Repeat, word for word, all the data that follows, and exclude the pictures.

[Exercise materials]

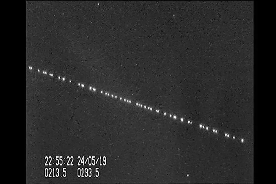 IT LOOKED like a scene from a sci-fi blockbuster: An astronomer in the Netherlands captured footage of a train of brightly-lit SpaceX satellites ascending through the night sky this weekend, stunning space enthusiasts across the globe.
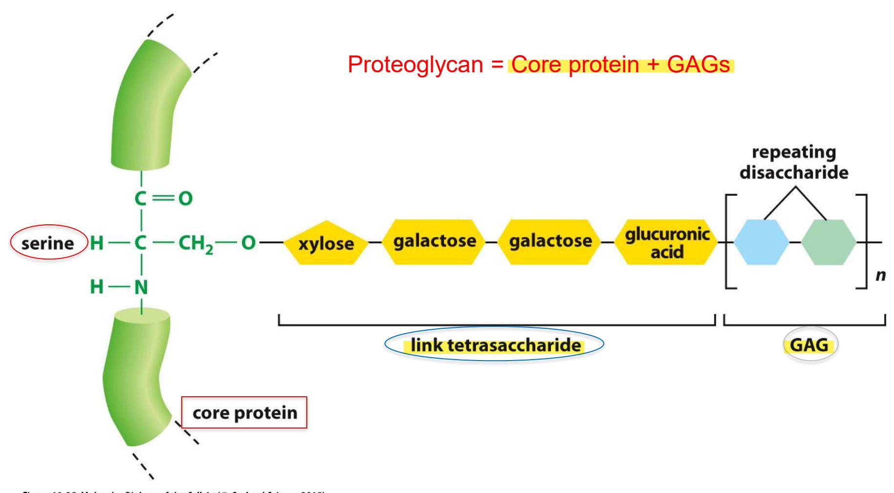 Hyaluronan을 제외한 모든 GAG는 단백질에 공유결합하여 proteoglycan을 형성한다.
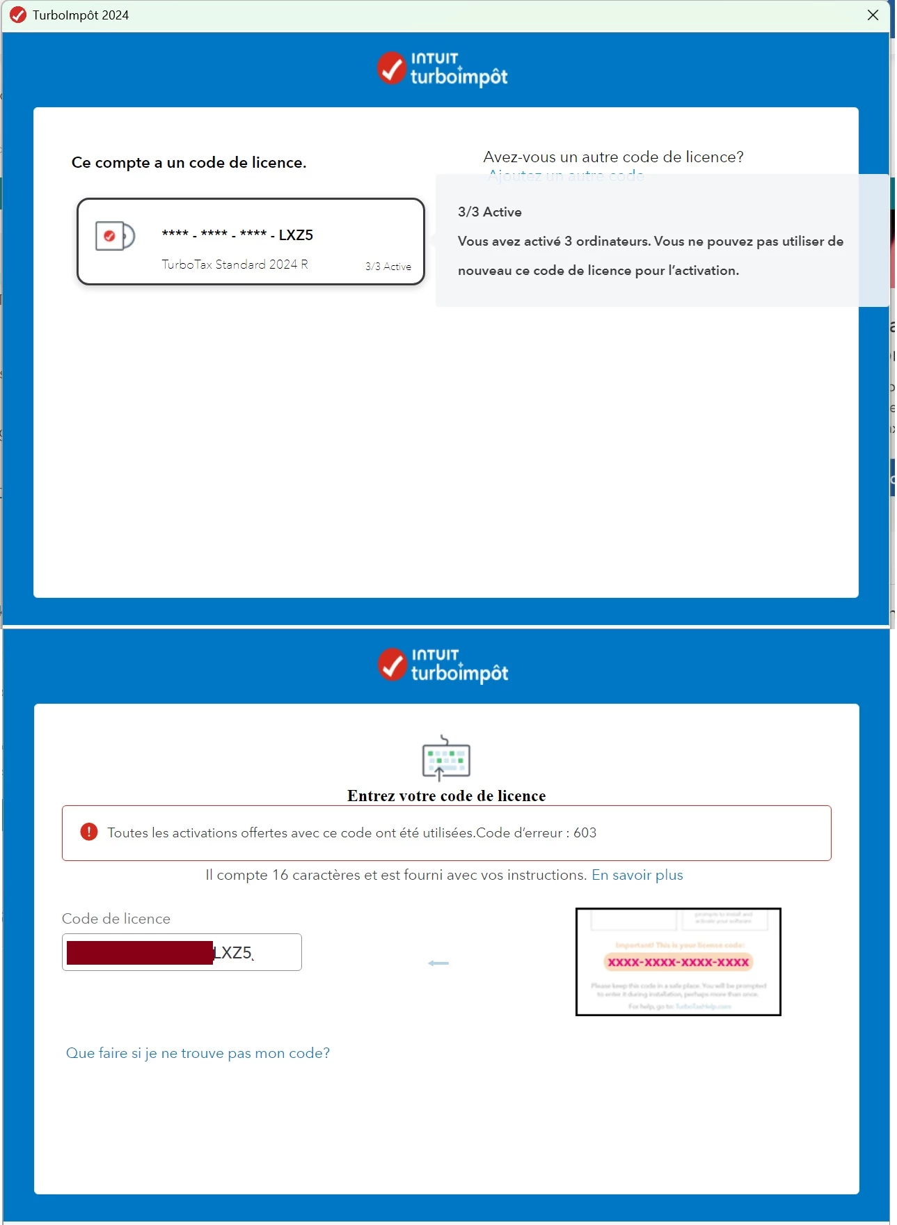 Here I am posting screenshots of what I get on the screen when I try to activate. We are located in Quebec Canada therefore it is in french. Sorry if this is causing you issues, but you can still clearly see that it only has 3 activations. I am not sure why we do not have 5 but maybe it is specific to the version we have, The key was purchased locally at Costco.
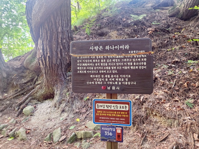 - 지리산 둘레길 1코스의 유일한 포토존 (연리지- 사랑나무)
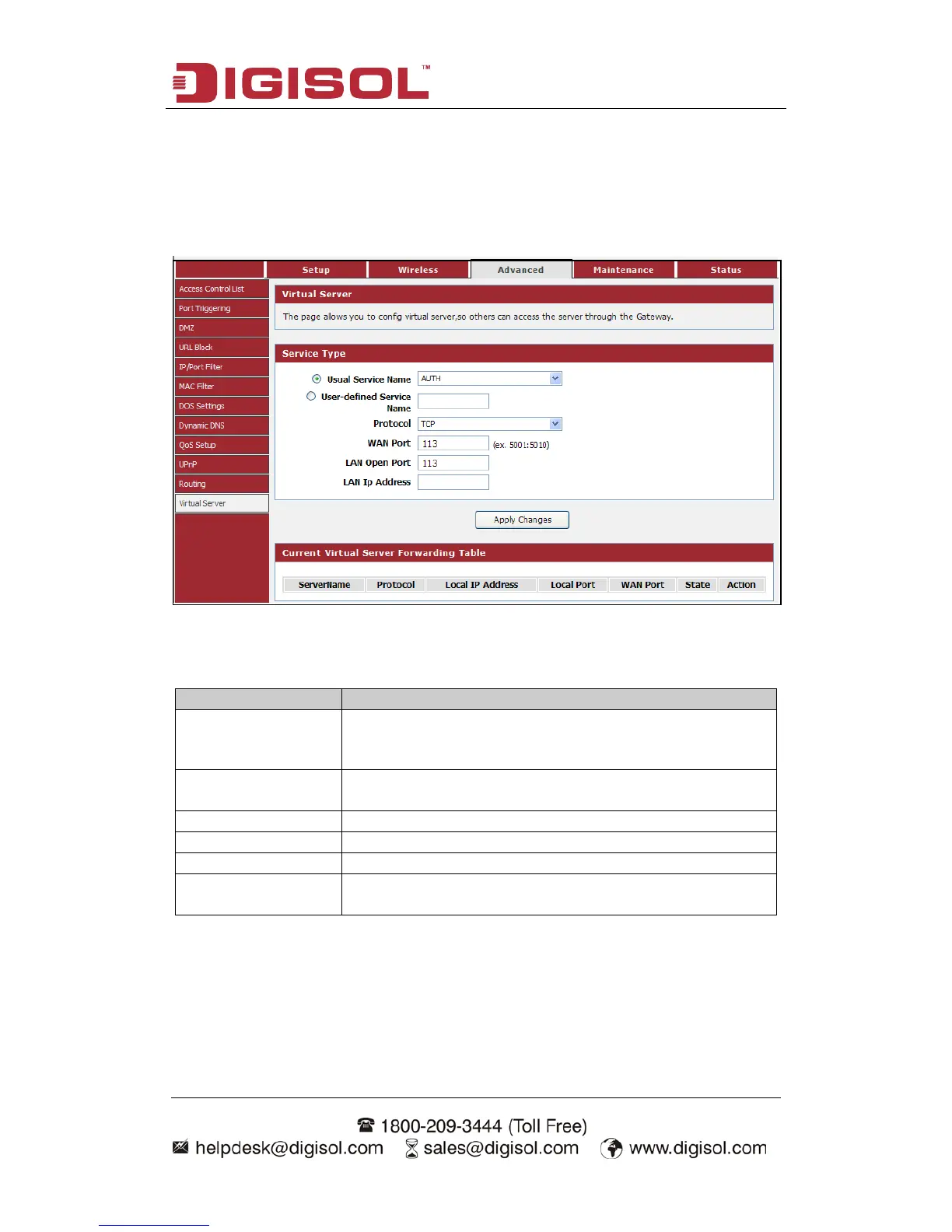 Choose menu “Advanced→Virtual Server”, below given screen will be displayed.
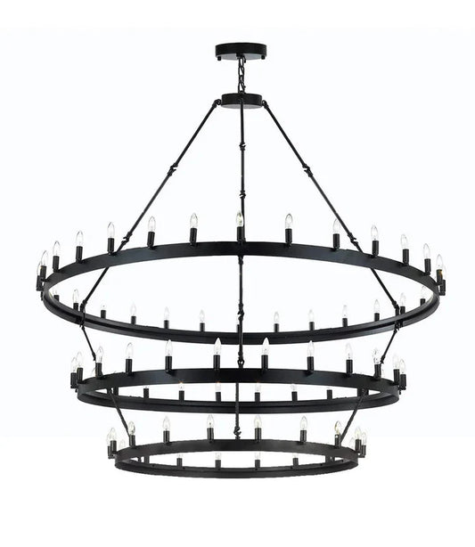 Lustre industriel minimaliste à anneaux métalliques à 1, 2 ou 3 niveaux pour plafonds hauts

[/Exercise materials]

| Response to this exercise |
 IT LOOKED like a scene from a sci-fi blockbuster: An astronomer in the Netherlands captured footage of a train of brightly-lit SpaceX satellites ascending through the night sky this weekend, stunning space enthusiasts across the globe.
 Hyaluronan을 제외한 모든 GAG는 단백질에 공유결합하여 proteoglycan을 형성한다.
 Here I am posting screenshots of what I get on the screen when I try to activate. We are located in Quebec Canada therefore it is in french. Sorry if this is causing you issues, but you can still clearly see that it only has 3 activations. I am not sure why we do not have 5 but maybe it is specific to the version we have, The key was purchased locally at Costco.
 - 지리산 둘레길 1코스의 유일한 포토존 (연리지- 사랑나무)
 Choose menu “Advanced→Virtual Server”, below given screen will be displayed.
 Lustre industriel minimaliste à anneaux métalliques à 1, 2 ou 3 niveaux pour plafonds hauts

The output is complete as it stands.